Catatan Ilham Bintang

Seperti disebut di awal, kisah hidup Jay amat menarik. Putra sulung pasangan Joerce Ilyas asal Sumatera Barat dan Heryani Ilyas asal Sumatera Utara ini dibesarkan di lingkungan keluarga sederhana pengurus taklim dan masjid di komunitas Indonesia di Queens, New York.

Jay kelahiran New York 17 April 1991 dan adiknya Joshua Ilyas (30)keduanya adalah warga negara AS.

Kami sudah seperti keluarga. Jay kemenakan sahabat kami, wartawan senior Marah Sakti Siregar. Sepuluh tahun lalu ketika berkunjung ke New York, adik- kakak ini juga yang mengantar kami selama berada di kota itu. Saya malah sempat menginap seminggu di rumahnya di daerah Queens.

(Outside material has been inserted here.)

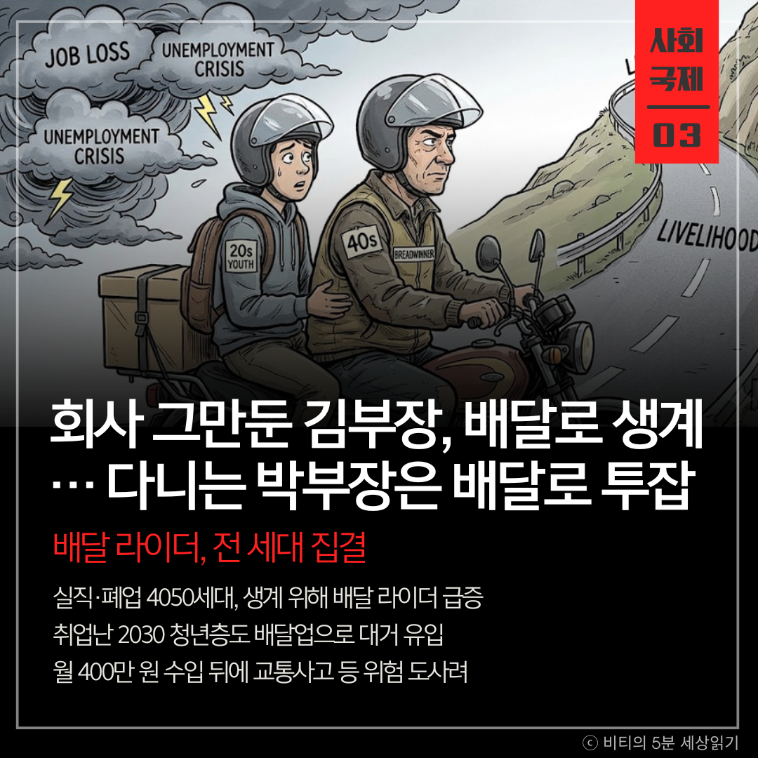 실직과 폐업 등으로 생계가 어려워진 4050세대와 취업난에 시달리는 2030세대가 배달 라이더 시장으로 몰리고 있다. 진입 장벽이 낮고 당장 수입을 올릴 수 있다는 장점 때문이지만, 사고 위험 등 열악한 근무 환경에 대한 우려도 함께 제기된다.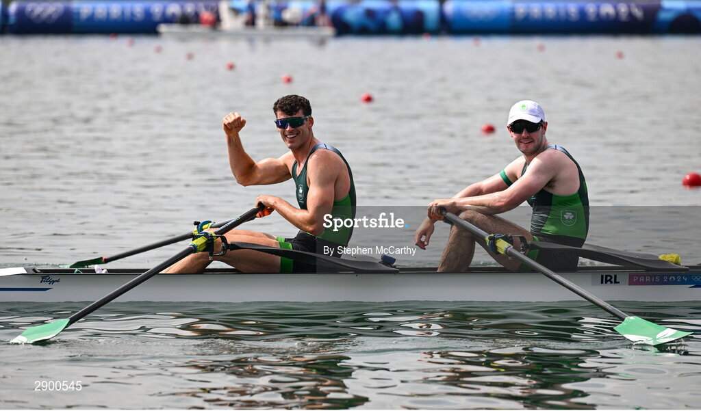 1 August 2024; Philip Doyle, right, and Daire Lynch of Team Ireland celebrate after winning bronze in the men's double sculls A final at Vaires-sur-Marne Nautical Stadium during the 2024 Paris Summer Olympic Games in Paris, France. Photo by Stephen McCarthy/Sportsfile

Waktu itu Jay bekerja di Nike karena basic pendidikannya desain. Jay sangat mencintai Indonesia dan merindukan untuk dapat menetap selamanya di Tanah Air.

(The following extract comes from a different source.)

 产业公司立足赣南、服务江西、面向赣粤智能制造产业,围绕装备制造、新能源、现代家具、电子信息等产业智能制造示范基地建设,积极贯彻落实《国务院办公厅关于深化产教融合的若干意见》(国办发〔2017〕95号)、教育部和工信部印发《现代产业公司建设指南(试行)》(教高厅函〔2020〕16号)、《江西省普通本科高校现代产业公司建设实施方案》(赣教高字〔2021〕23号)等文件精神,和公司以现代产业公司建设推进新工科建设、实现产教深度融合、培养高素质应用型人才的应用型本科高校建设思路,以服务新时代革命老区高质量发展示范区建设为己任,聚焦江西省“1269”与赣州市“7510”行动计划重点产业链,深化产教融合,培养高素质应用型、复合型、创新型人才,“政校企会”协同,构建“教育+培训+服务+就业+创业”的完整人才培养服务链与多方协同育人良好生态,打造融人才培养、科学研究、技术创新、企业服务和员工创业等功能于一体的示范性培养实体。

Beberapa tahun lalu Jay balik ke Indonesia. Mulai merintis pekerjaan sebagai guru bahasa Inggris dan pelatih golf. Namun, tidak bisa lanjut. Meski berdarah asli Indonesia, namun secara hukum ia warga negara AS, maka Jay adalah orang asing. Cuma punya izin tinggal satu bulan. Untuk memperpanjang masa tinggal ia terpaksa ke Malaysia dulu kemudian masuk kembali ke Indonesia untuk masa sebulan berikutnya. “Setelah itu tidak bisa diperpanjang lagi. Hanya boleh dua kali,” urainya.

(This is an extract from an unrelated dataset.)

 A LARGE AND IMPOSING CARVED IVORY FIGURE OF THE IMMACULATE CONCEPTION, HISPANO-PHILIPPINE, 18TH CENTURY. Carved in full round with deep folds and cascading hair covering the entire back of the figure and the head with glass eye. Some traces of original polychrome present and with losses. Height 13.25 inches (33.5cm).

Jay mengaku sedih sekali. Ia merasa Indonesia telah memberinya sesuatu yang selama ini dicarinya. Yaitu lingkungan yang saling peduli sesama, gotong royong tanpa membedakan golongan dan ras. ” Di AS tidak ada yang seperti itu. Lingkungan kami hanya berempat orang saja. Mama, Papa, dan Joshua,” bebernya.

Di Indonesia, dia punya banyak keluarga. Tahun lalu ia datang lagi ke Indonesia. Saat sedang menikmati pekerjaannya, masa tinggal berakhir lagi. Ia malah sempat didenda karena overstay. Ia harus membayar denda Rp. 1 juta perhari. Tahun lalu itu ia membayar denda hingga Rp.5 juta karena overstaynya lima hari.

Saya mengikuti curahan hati JJ dalam perjalanan pulang pergi Boston – New York penuh takzim. Kisahnya memberi pemahaman berharga bahwa kemilau kehidupan negara maju dan adidaya seperti Amerika toh tidak sekaligus dapat mengisi kekosongan batin seorang Jay.

-Apakah Jay berniat tinggal seterusnya di Indonesia?
+Iya, saya mendambakan itu.
-Tidak akan kembali ke New York lagi?
+Akan ke New York lagi tapi hanya kalau terkait dengan urusan pekerjaan. Atau sebagai turis.

Jay masih lajang. Dia beberapa kali pernah berpacaran dengan beberapa gadis berbagai bangsa, namun semua berakhir putus.

– Apakah tidak ada yang diniatkan untuk menikah?
+ Ada sih. Tetapi kembali ke masalah perbedaan kultur.Kita orang Indonesia kalau menikah kan bukan cuma dua orang, tetapi dua keluarga besar menyatu. Justru itu yang saya rasakan sulit.